(Bloomberg) - A prolonged Iran war is a risk to the bank-stock powered rallies in Japan and Europe as investors abandon these markets in favor of exposure to oil and the US dollar, Bank of America’s Michael Hartnett said.
Investors are likely to shift to assets that are “beneficiaries of extended conflict,” at the expense of “oil importers with minimal energy equity exposure,” such as Korea, Japan and Europe, the strategist said. US technology and global defense are among sectors that could gain during this rotation.

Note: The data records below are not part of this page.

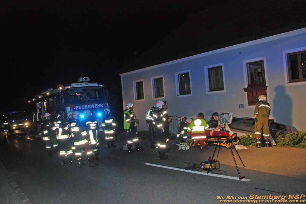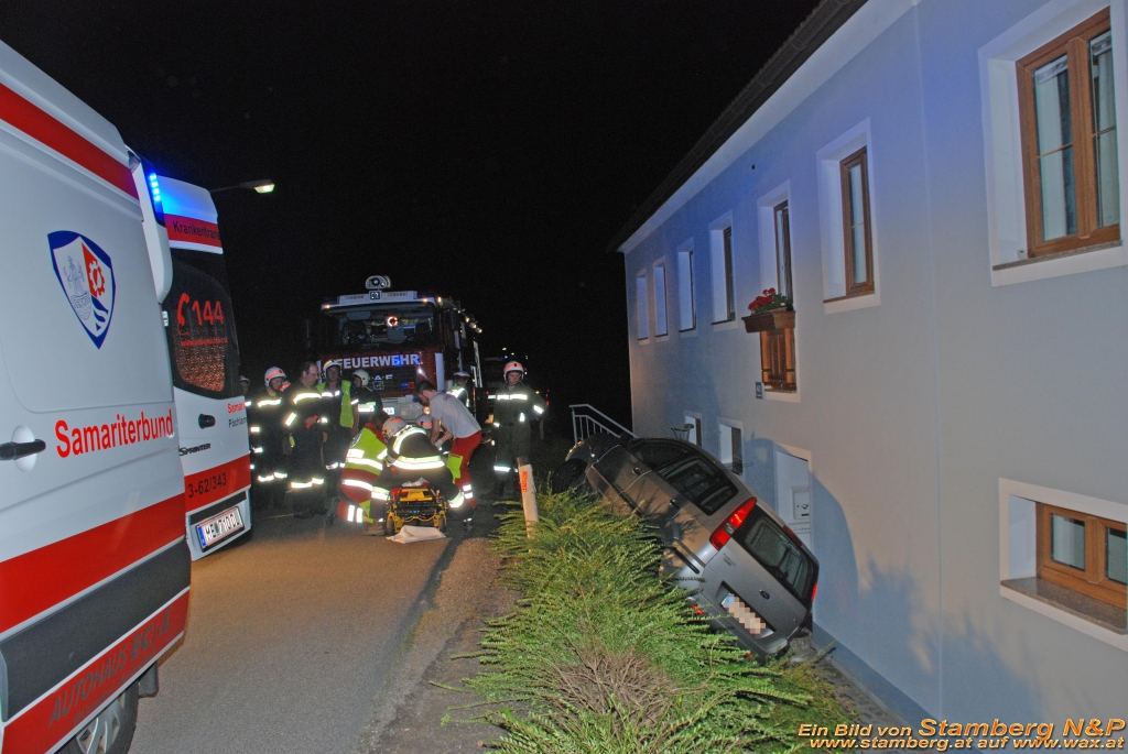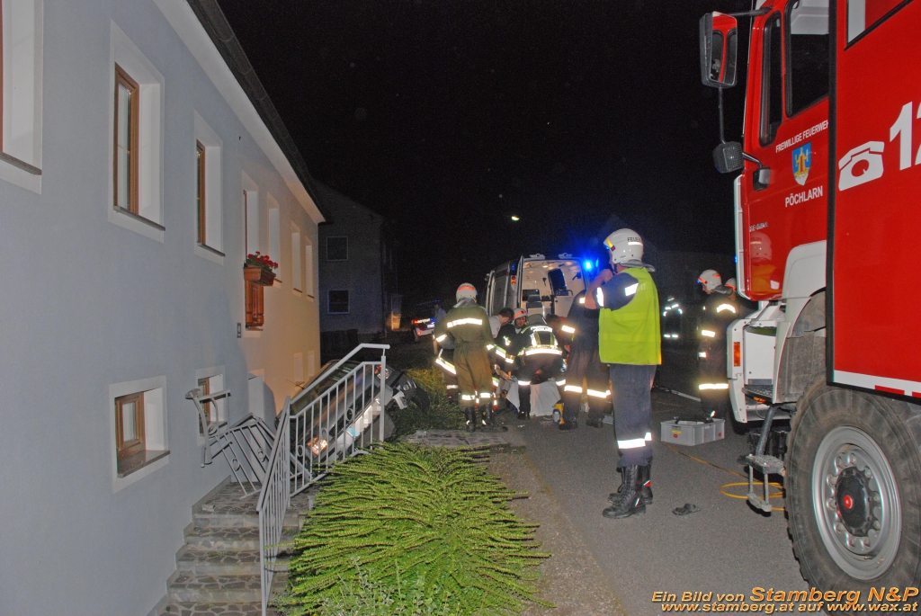 Um 00:36 den 29.07.2015 wurden wir mittels Pager und Sirene zu einen Verkehrsunfall mit Menschenrettung alarmiert worden. Im Ortsteil Kellerhäuser in Pöchlarn kam eine junge Lenkerin aus derzeit ungeklärten Gründen von der Fahrbahn ab und fuhr gegen ein Stiegengeländer und touchierte eine Hausmauer.
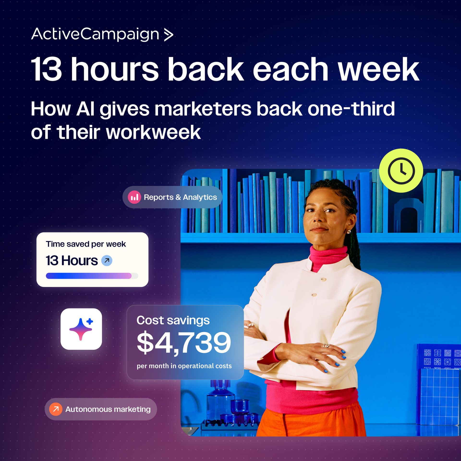 The survey of 1,000 American marketers, agency marketers, and small business owners was commissioned by ActiveCampaign and conducted by Talker Research between May 21 and June 12, 2025. Read the full 13 Hours Back report for the complete data analysis and find out where you stand in AI maturity by taking the AI Marketing Maturity Quiz.
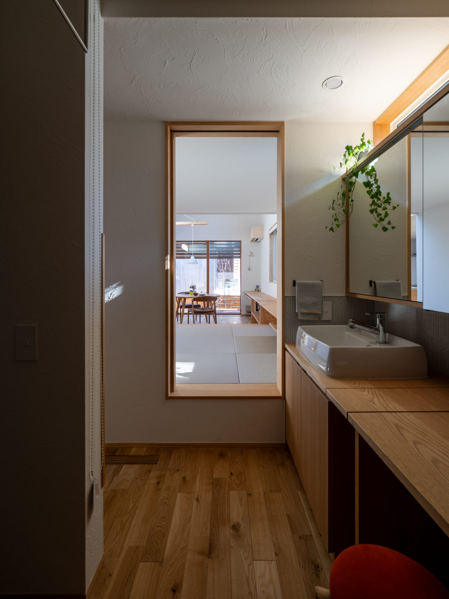 ランドリールームからウォークインクローゼットへの動線、適材適所の収納計画により、家事の負担を軽減し、心にゆとりをもたらします。

It’s a scenario that has already started playing out since the US and Israel launched their attacks against Iran and as the conflict has spread. European stocks are on course for their worst weekly drop since last April’s tariff turmoil and the same is true of Japan’s Nikkei 225 index. Volatile trading in Korean equities saw the Kospi index notch both a record decline and the biggest gain since 2008.
The war has entered a seventh day, with investors focused on the near-total halt to energy shipments through the crucial Strait of Hormuz. Hartnett said further escalation of the conflict could include an “all-in” effort from America to “secure oil supply to power US AI supremacy.”
The outbreak of war threatens to upend a long-standing call by Hartnett to favor assets outside the US. The strategist has maintained a preference for international equities since late 2024, a recommendation that proved prescient as the S&P 500’s 15% gain over that period trailed an advance of 33% in the MSCI ACWI ex-US Index.